В закрытом тюремно-зоновском пространстве человек лишен возможности свободного передвижения, он характеризуется как сиделец. Но, как это ни парадоксально, основным образом тюремной картины мира является путь, дорога. «Достойный арестант», человек, живущий по тюремно-арестантским законам, обязан принимать участие в построении дорог — налаживать межкамерную связь. Тюремные дороги представляют собой сеть коммуникаций, по ним передается определенная информация — синхронная и диахронная: практически вся тюремная культурная традиция в письменной форме.
«Между камерами натягиваются специальные дороги, — рассказывают заключенные. — Они плетутся специальным способом из веревок, из ниток шерстяных, ну, различных. Натягиваются дороги. Они сдавливаются. Тоже такое выражение, характерное для тюрьмы, — сдавливаются. То есть выставляются удочки: из одной камеры, из другой, вот они цепляются, натягиваются дороги. Ну, за эти дороги приходит помощь какая-то заключенным, различные записки — малявы, мульки, ксивы, как их только ни называют» [ЖК].
Наряду с секретной и значимой для всех арестантов информацией по дорогам распространяются любовные письма, возникающие на периферии тюремной субкультуры и являющиеся отдушиной в строго регламентированном тюремном мире.
Дороги недаром в тюрьмах называют святыми: их функция — обеспечить преемственность и стабильность тюремно-арестантского мира.
Время
Для носителя тюремной традиции (в отличие от случайного в тюрьме человека) тюрьма — константа и в его жизни, и в жизни России.
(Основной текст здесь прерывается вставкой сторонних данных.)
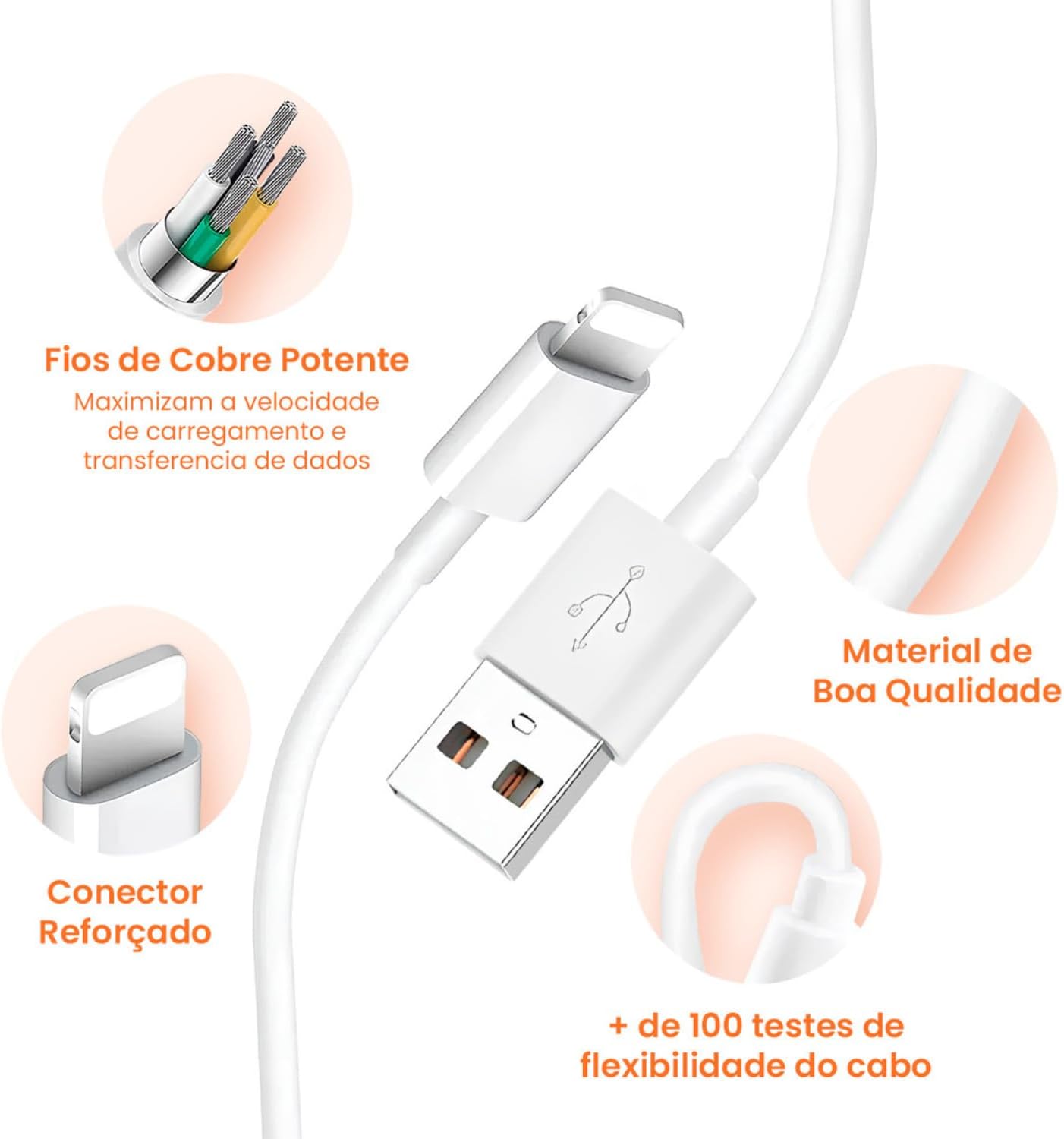 - iPhones Compatíveis: Este cabo suporta todos os modelos de iPhone desde o 6 ao 14 Pro Max, incluindo o iPhone SE (2ª geração), oferecendo a flexibilidade necessária para conectar dispositivos de todas as gerações.
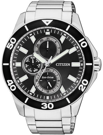 Citizen Eco-Drive AP4030-57E rannekello. Kellon rungon leveys 43mm ja rannekkeen 20mm. Kellossa päivyri, viikonpäivänäyttö sekä 24h näyttö. Citizen Eco-Drive- kellot toimivat valon voimalla ja lataavat käyntivirtaa ympäristöystävälliseen titaani-litium-ioni-akkuun. Yhden vuorokauden käyntiin tarvittava sähköenergia saadaan pitämällä kelloa pari minuuttia valossa. Citizen kelloille myönnetään 2 vuoden takuu ja ne toimitetaan valmistajan alkuperäisessä rasiassa.

Для тюремной картины мира характерно не современное векторное время, а архаичное циклическое время, возвращающее арестанта «на круги своя».
Отсчет времени в тюрьме и на зоне иной, чем на воле. «Запомни, год как три проходят здесь», — говорит об этом песня [ДК]. Самая крупная единица измерения времени — срок наказания. Вместо 1 января днем Нового года становится день начала наказания. В тюрьмах и лагерях отмечаются и «вольные» традиционные праздники — Новый год, Пасха, дни рождения заключенных, но они воспринимаются иначе, чем на воле: трагизм собственного положения, оторванность от дома в дни традиционных праздников ощущаются заключенными особенно сильно. В «неофициальных» тюремных песнях контраст между праздниками на воле и в неволе особенно подчеркивается: зэк — герой песен — вообще лишен возможности отмечать «вольные» праздники: «Споем, жиган, нам не гулять по воле / И не встречать весенний праздник май». «Сегодня праздник, ну а здесь лишь белый снег», — так поют колонисты [ДК]. Дни рождения в неволе отмечены грустью. «День рождения — тоже грустно, как и проводы, — говорят заключенные. — Потому что еще и не дома и плюс еще — вот этого пустого года, ушел из твоей жизни. Даже стараешься человеку приятно сделать, спеть. Вот сколько я замечала — не идут песни» [ЖК].
Подлинными праздниками на зоне становятся дни, когда истекают какие- либо значительные части назначенного срока наказания: четверть, треть, половина. Как отмечал исследователь тюремной психологии М.Н.Гернет, наблюдавший жизнь заключенных в тюрьмах Москвы и Петербурга в начале XX в., осужденные на срок более года ведут свое «летоисчисление»: «Стены камер испещрены так называемыми “календарями”. Их составляют грамотные и неграмотные арестанты» [Гернет 1925: 11]. Традиция ведения подобных календарей сохранялась в советских тюрьмах и лагерях. Политические ссыльные 20-30-х годов отмечали части пройденного срока-пути на бревнах дома. «Календари» вели также невесты и жены осужденных, они хранятся в семьях бывших лагерников как память о времени ожидания, терпения, верности, любви, как прошлое, имеющее материально-вещественный облик. Календари — материализовавшееся, зримое и осязаемое время. Знак креста, которым отмечается в подобных календарях каждый прожитый день, имеет амбивалентный смысл: день может восприниматься как выпавший из жизни (зачеркнутый крест-накрест) и тем самым значительный как день не-жизни, но может быть и особо отмечен крестом («запомнить!») — как день, достойный памяти. Именно так воспринимала свой календарь невеста политического заключенного Софья Матвеевна Доброва-Зотова, начавшая со дня ареста своего жениха вести «Блокнотик с крестиками» (постоянные обыски в сталинское время не давали возможности вести другой дневник), который 60 лет спустя расшифровала, дав подробное описание почти каждого дня, отмеченного в блокноте крестом.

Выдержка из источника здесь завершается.